The long latency period of the virus makes it hard to model the infection rate. There may be thousands of supercarriers loose outside of China propagating an infection that is yet to become apparent. But the fragmentary data available suggest that the stock market’s optimism is not entirely misplaced.

Analysts are struggling to gauge how deep the resulting cuts might be in China’s economic output. Because economic activity in China shuts down to a great extent during the just-concluded Lunar New Year holiday, high-frequency measures such as port activity and freight car loadings provide little information.
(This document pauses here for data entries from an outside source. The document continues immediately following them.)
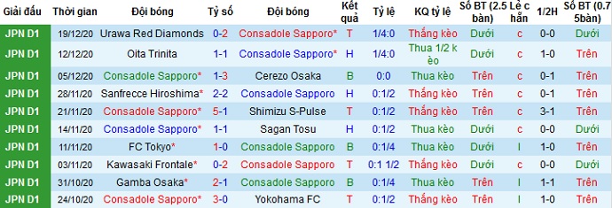 + Thống kê 10 trận gần nhất của Consadole Sapporo
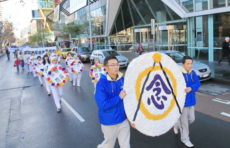 一对从阿德莱德来墨尔本旅游的夫妇看到游行后,妻子在不停地抹眼泪,她说:“真善忍这是多么美好的信仰,怎么会受到迫害,我们还想了解更多的信息。”
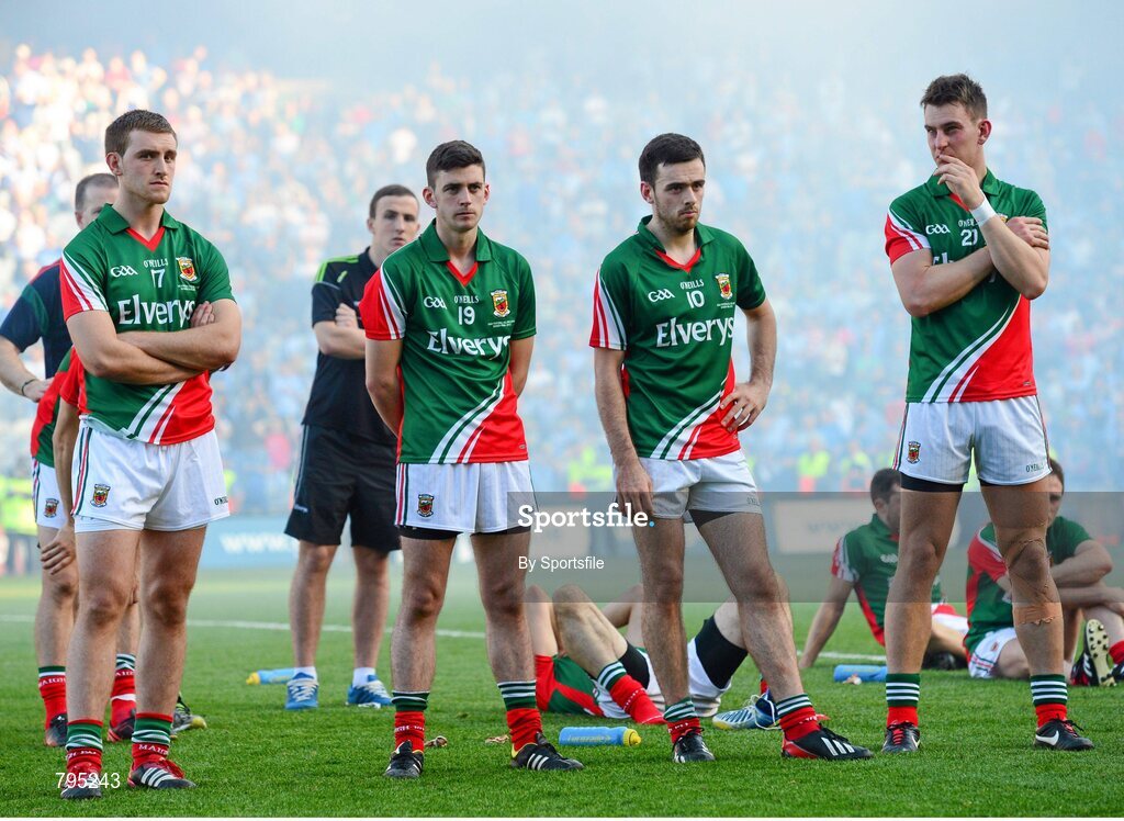 22 September 2013; Dejected Mayo players, from left, Shane McHale, Brendan Harrison, Kevin McLoughlin, and Barry Moran, after the game. GAA Football All-Ireland Senior Championship Final, Dublin v Mayo, Croke Park, Dublin. Photo by Sportsfile

Given the challenge to the party’s credibility, analysts expect a big economic stimulus package. If the European Central Bank’s former president Mario Draghi was willing to “use a bazooka” to restart growth, China’s Communist Party will use the economic equivalent of nuclear weapons if it has to. But there are limits to the efficiency of central bank largesse and government spending. China built world-beating infrastructure which contributed to economic efficiency, but the marginal impact of new infrastructure spending on productivity will be much lower than in the past. The home market is saturated with unsold apartments, and the government doesn’t want to add to the supply. 

The sort of government spending that availed China after the 2008 world financial crisis and the 2015 yuan devaluation will be much less effective today. Growth depends increasingly on China’s homegrown high-tech sector and the private entrepreneurs who drive it. If the Chinese Communist Party executes a turn to the left after its grand demonstration of state power, China’s economic prospects will deteriorate. If it gains the confidence of the private sector, though, the economic impact of the coronavirus will be temporary and China will meet its growth target of around 6% for 2020.